Sora, Veo, Moonvalley, Runway, Synthesia… The list of GenAI video tools disrupting the production world gets longer by the month. And the arguments they spark around copyright, moderation and the value of human creativity continue to rage too.
At TellyCast’s Digital Content Forum 2025 today, Oxford University’s Dr Alex Connock, author of Media Management and Artificial Intelligence, offered his views – including some deliberately provocative ones – on the implications.
“Perhaps as an industry, we’re thinking a bit small about AI,” he said. “We think the content business is pretty simple. You make great stuff, and if people watch it, you win. But things have changed…”
Connock suggested that the TV and digital-content industries are still thinking about AI predominantly in “can we run this factory more efficiently” ways, when he thinks they should be thinking about how it can unlock creative ideas that weren’t possible before.
“AI is not just this reductive workflow improvement process… it’s this paradigm-shifting opportunity. There are more things in AI than we can possibly have dreamt of,” he said, before acknowledging that “it is pretty dystopian as well”.
He described the current moment as one where “we must disrupt ourselves… You don’t want to die because, by force of habit, you continue doing the old thing.”
“Stop AI is not a viable strategy,” he continued. “Even if you were to stop AI, the company next door is not stopping AI, and you would be ceding a cost advantage to that company.”
“Stopping is also risky,” added Connock, who suggested that in many internal meetings when people are pushing to make more use of GenAI technologies, it’s often “the lawyer sitting in the corner” who stops them.
“That’s the thing to say to the lawyer: ‘If you want this business to survive, you have to take risks, otherwise the risks will be taken around you’”
Connock suggested that things are changing, however, noting that when he visited TV companies a year ago, the AI team would often be located in the basement.
“Now when you go, quite often you will find the AI team right in the middle. In some Hollywood studios they are right outside the chief executive’s office,” he said.
In his talk, Connock had some encouragement for humans, suggesting that they think about what they do that AI doesn’t. AI can make an infinite volume of content for “no cost” (he did not mention the environmental costs, though) and while it’s “pretty good” quality, by definition it is derivative.

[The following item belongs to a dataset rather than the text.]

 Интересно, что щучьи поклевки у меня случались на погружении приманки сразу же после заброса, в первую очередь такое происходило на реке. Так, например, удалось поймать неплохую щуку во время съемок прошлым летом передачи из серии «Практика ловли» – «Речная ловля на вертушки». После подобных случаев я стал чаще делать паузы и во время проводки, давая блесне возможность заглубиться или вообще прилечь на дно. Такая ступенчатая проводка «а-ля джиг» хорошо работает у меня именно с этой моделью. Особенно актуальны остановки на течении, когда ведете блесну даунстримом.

As for humans: “We are high cost, limited volume, original and great! And we need to be great, because if you’re not great, AI can do it better,” he said, suggesting that humans need to reframe themselves as “luxury goods”.

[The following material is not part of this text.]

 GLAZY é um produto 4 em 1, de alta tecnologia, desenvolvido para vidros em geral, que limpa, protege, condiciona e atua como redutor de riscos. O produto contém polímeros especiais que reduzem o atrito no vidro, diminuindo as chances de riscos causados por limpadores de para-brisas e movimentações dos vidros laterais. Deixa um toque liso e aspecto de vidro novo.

“We should be much, much more sophisticated about how we deploy AI,” he said. “You need to be sequencing the workflow so that the things AI does really well, it does, and the things you do really well, you do… There is a whole new realm of creativity that we could investigate where the human is partnered with the AI.”
Connock went on to call for the industry to embrace agentic AI technology – AI agents – and amused the TellyCast audience with his pitch for a “gardening agent” trained on TV veteran Alan Titchmarsh.
“When someone at home is swatching Alan Titchmarsh on TV, they could simultaneously on their iPad b having a one-on-one conversation with [AI] Alan Titchmarsh where he is redesigning their garden for them…. and the recommendations could be monetised by affiliate marketing”.
Connock also suggested that academic research can be a “goldmine for content ideas” citing the example of a Chinese study on removing the water from underwater footage, and other research on using machine learning to translate the calls of animals. Both of which could drive fascinating formats.
However, his conclusion may meet a mixed response from the TV world, as Connock tore into the demands being made by the creative industries for copyright to be respected by GenAI companies.
“Thee’s too much facile thinking going on at the moment: people saying ‘they’re just ripping off our content’,” he said. “But actually everyone’s wrestling with how do we manage intellectual property in this world?”
“The government cannot agree to the ludicrous demands that we’re making. We are in a geopolitical fight for our lives,” he continued, citing the investment being made in AI by countries around the world, and the UK’s need to keep pace.
“We cannot lose that fight as an economy, as a country,” he said. “We can’t say: send all the AI companies away.”